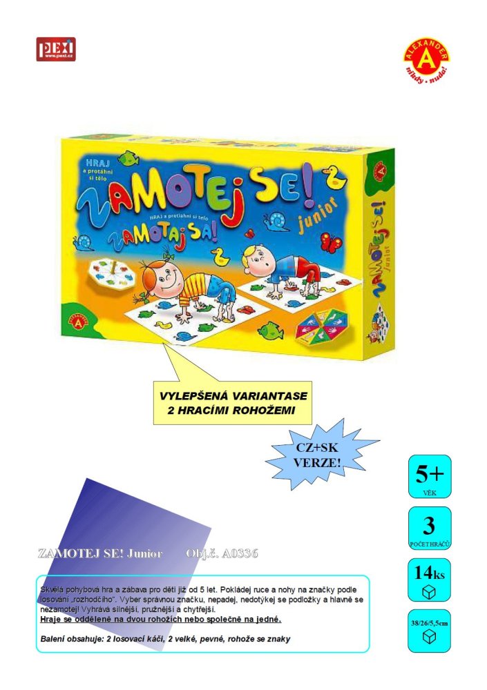 Depuis 10 ans, elle est l'un des plus grands distributeurs de jeux de société, éducatifs et de jouets en République tchèque et en Slovaquie. Elle est l'éditeur du jeu Evoluce fabriqué en République tchèque, qui reçoit régulièrement d'importantes récompenses et mentions honorifiques. Parmi les marques de jeux de société les plus importantes, citons Alexander. Leur offre comprend également une large gamme d'articles de papeterie et un assortiment de différents jouets de nombreuses marques, notamment la pâte à modeler PlayFoam. Leur crédo est de fournir des jouets de qualité et intéressants qui ont un sens et une utilité pour leurs utilisateurs, à un prix raisonnable, accessible au plus grand nombre de clients. Les jouets de leurs fournisseurs doivent toujours répondre aux normes strictes de fabrication des jouets EN 71 et au marquage CE. Ils sont également des sponsors actifs et des organisateurs de nombreux petits et grands événements sportifs ou éducatifs pour les enfants.
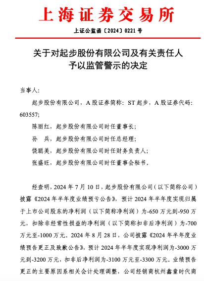 10月11日,上海证券交易所下发关于对起步股份有限公司(以下简称“ST起步”或“公司”)及有关责任人予以监管警示的决定。上交所称,因公司2024年半年度业绩预告披露不准确,实际净利润、扣非后净利润与预告金额差异幅较大,影响投资者合理预期,公司迟至2024年8月28日才发布业绩预告更正公告,更正公告披露不及时,决定对ST起步及时任董事长陈丽红、时任总经理孙兵、时任财务负责人饶聪美、时任董事会秘书张盛旺予以监管警示。
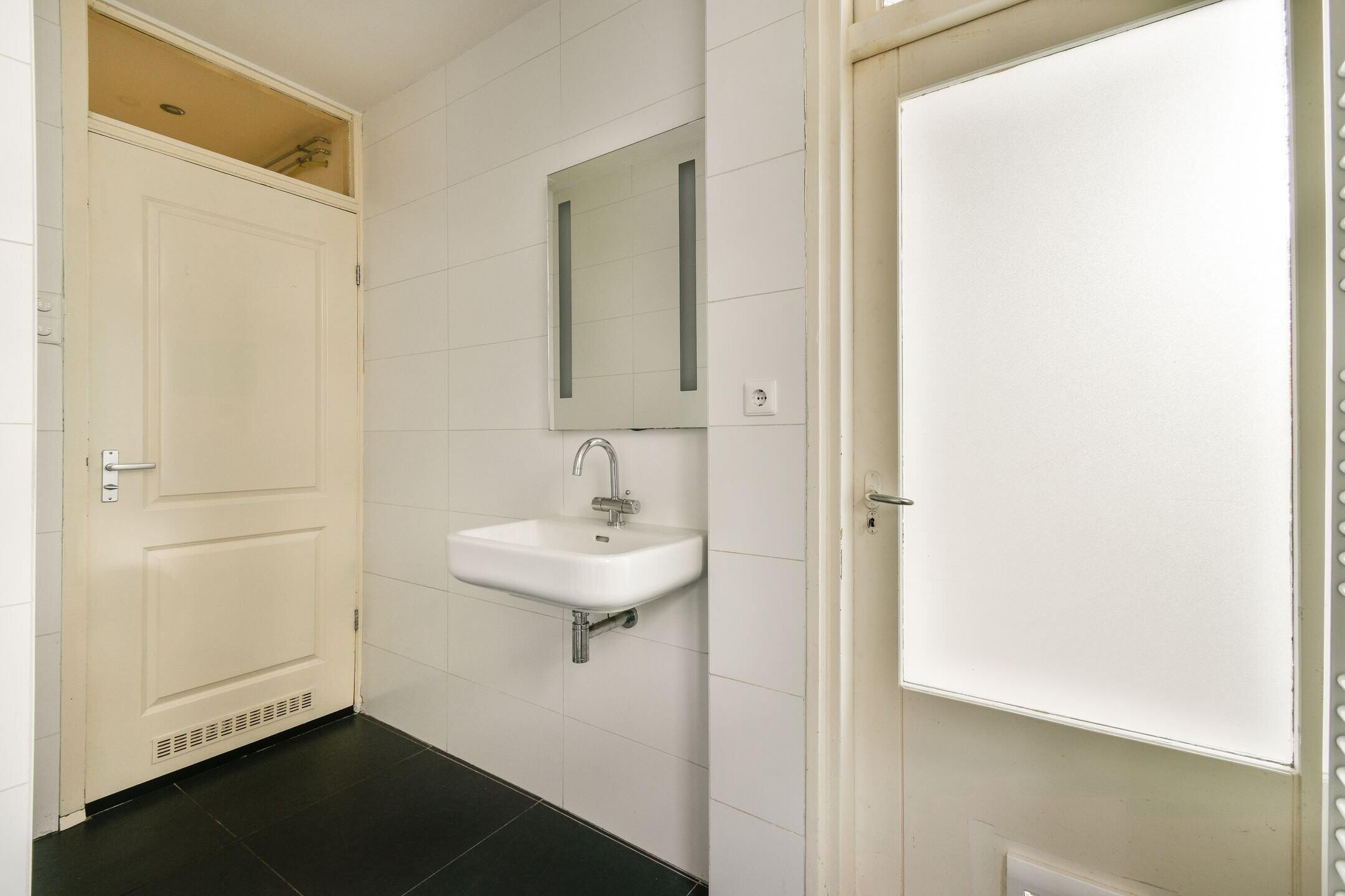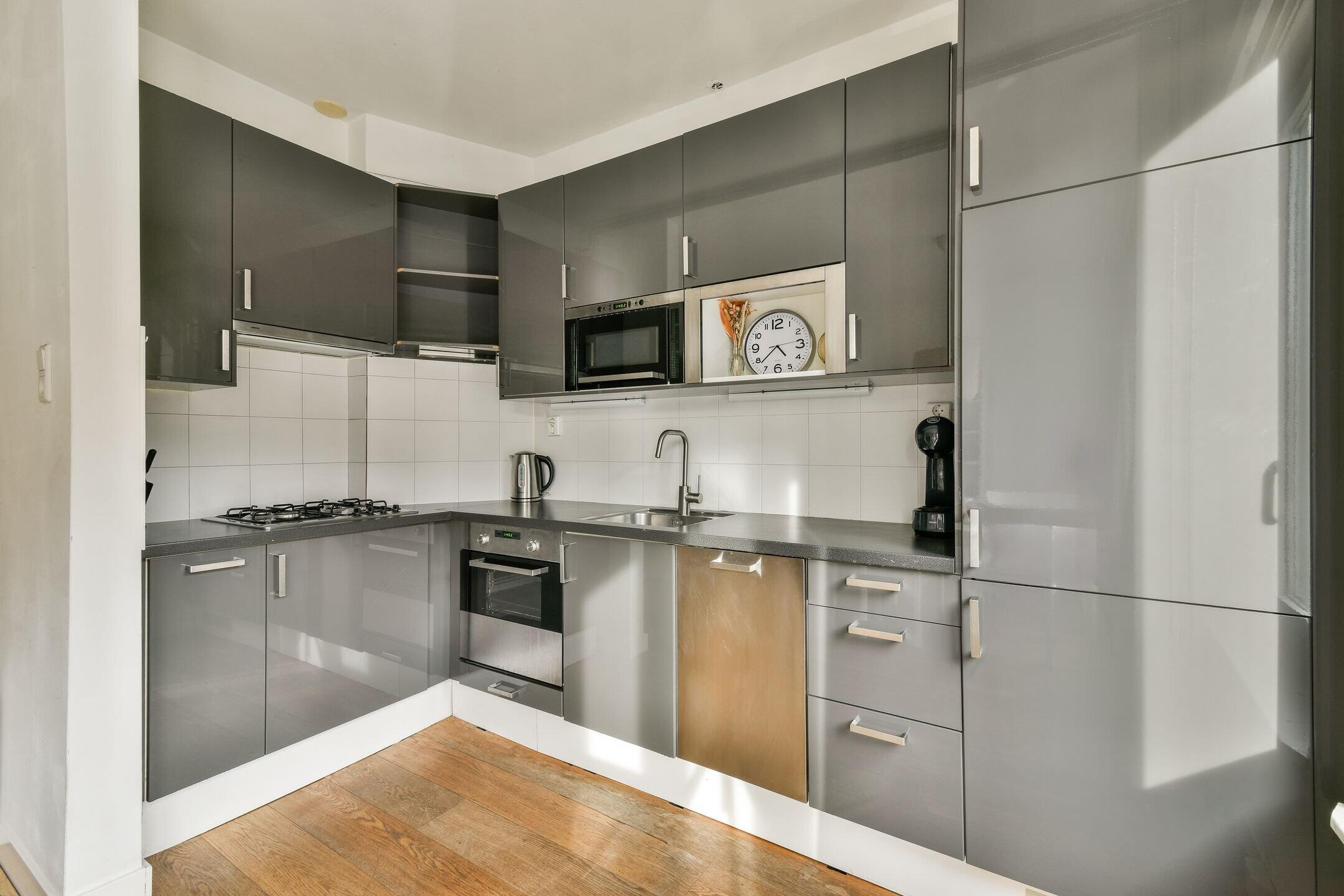 Shared entrance with a well-maintained and wide staircase leading to the first floor, meter cupboard in the communal stairwell, hallway, bright living room, and open modern kitchen equipped with a dishwasher, oven, microwave, fridge-freezer, gas stove with built-in extractor, and ample cupboard space. The bedroom has access to the west-facing balcony. The spacious bathroom features a shower, washbasin, and space for a washing machine and dryer. The Intergas central heating system (2019) is also located here. There is a separate toilet with a washbasin. The apartment has a neat wooden floor and double-glazed plastic window frames at the front.
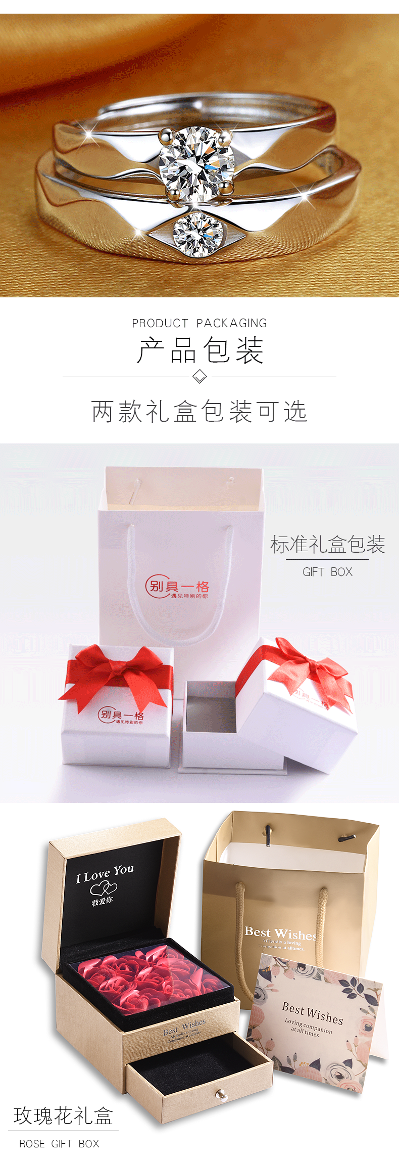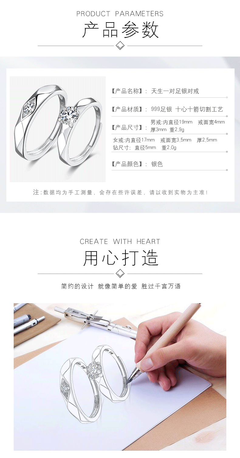 S999足银情侣戒指纯银一对刻字对戒男女仿真钻戒周年纪念520 JiMi
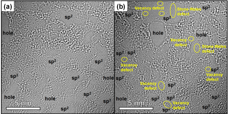 Figure 3. mrGO(a)和mrGO-600(b)的HR-TEM圖像。熱處理將sp
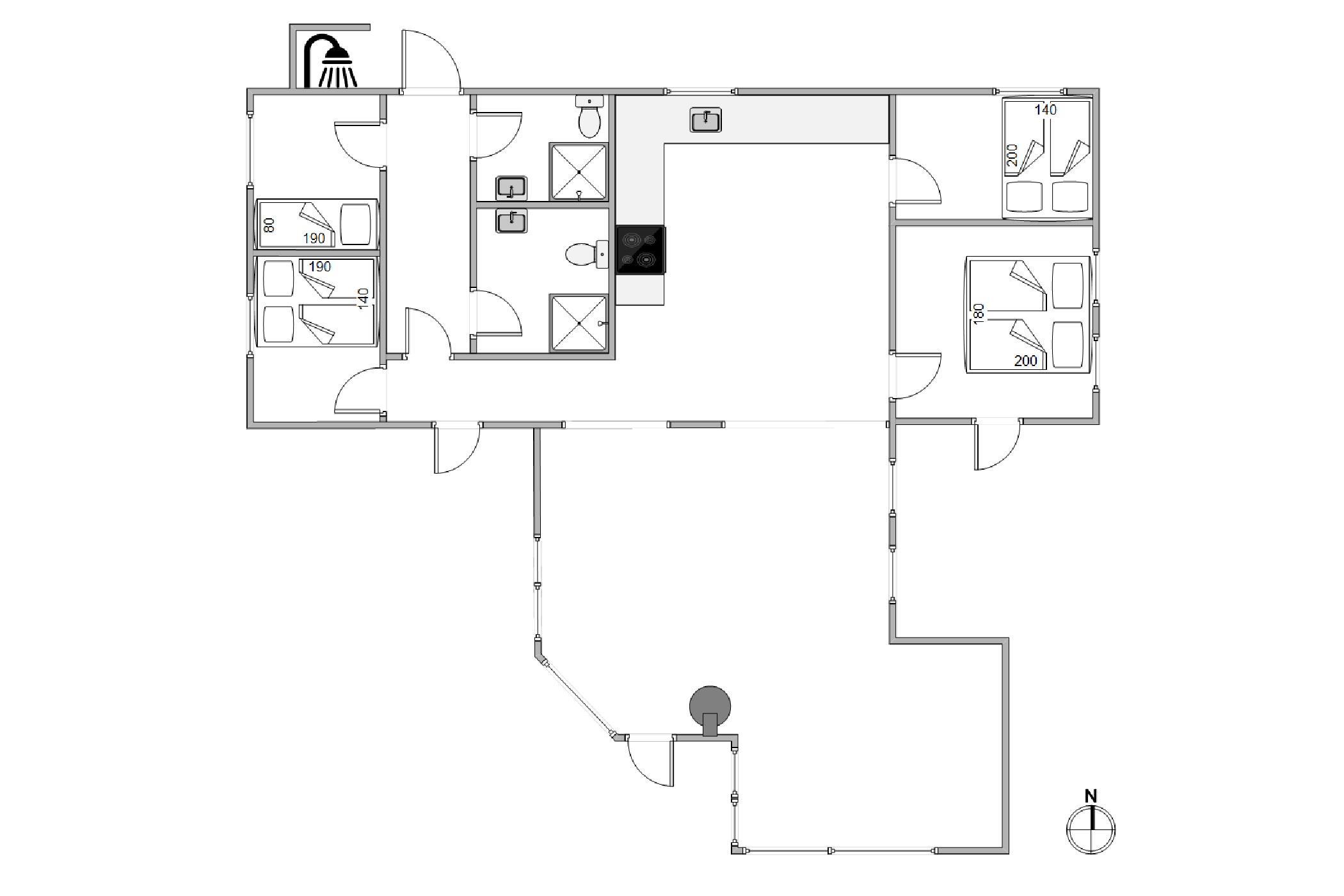 Sommerhuset indeholder i alt to badeværelser, som i 2019 er blevet renoveret og fremstår lyse og venlige. Her behøver I ikke at frygte for kolde fødder i vintermånederne - begge badeværelser er udstyret med gulvvarme. Sovepladserne fordeler sig på fire soveværelser, hvor det ene er med en stor dobbeltseng på 180x200, to værelser med en dobbelseng på 140x200 og det sidste værelse med en enkeltseng.

### How to complete this task:
From the line with "S999足银情侣戒指纯银一对刻字对戒男女仿真钻戒周年纪念520 JiMi" to the last line of the material, both inclusive, set down every line exactly and nothing else; omit pictures.

### Answer box:
 S999足银情侣戒指纯银一对刻字对戒男女仿真钻戒周年纪念520 JiMi
 Figure 3. mrGO(a)和mrGO-600(b)的HR-TEM圖像。熱處理將sp
 Sommerhuset indeholder i alt to badeværelser, som i 2019 er blevet renoveret og fremstår lyse og venlige. Her behøver I ikke at frygte for kolde fødder i vintermånederne - begge badeværelser er udstyret med gulvvarme. Sovepladserne fordeler sig på fire soveværelser, hvor det ene er med en stor dobbeltseng på 180x200, to værelser med en dobbelseng på 140x200 og det sidste værelse med en enkeltseng.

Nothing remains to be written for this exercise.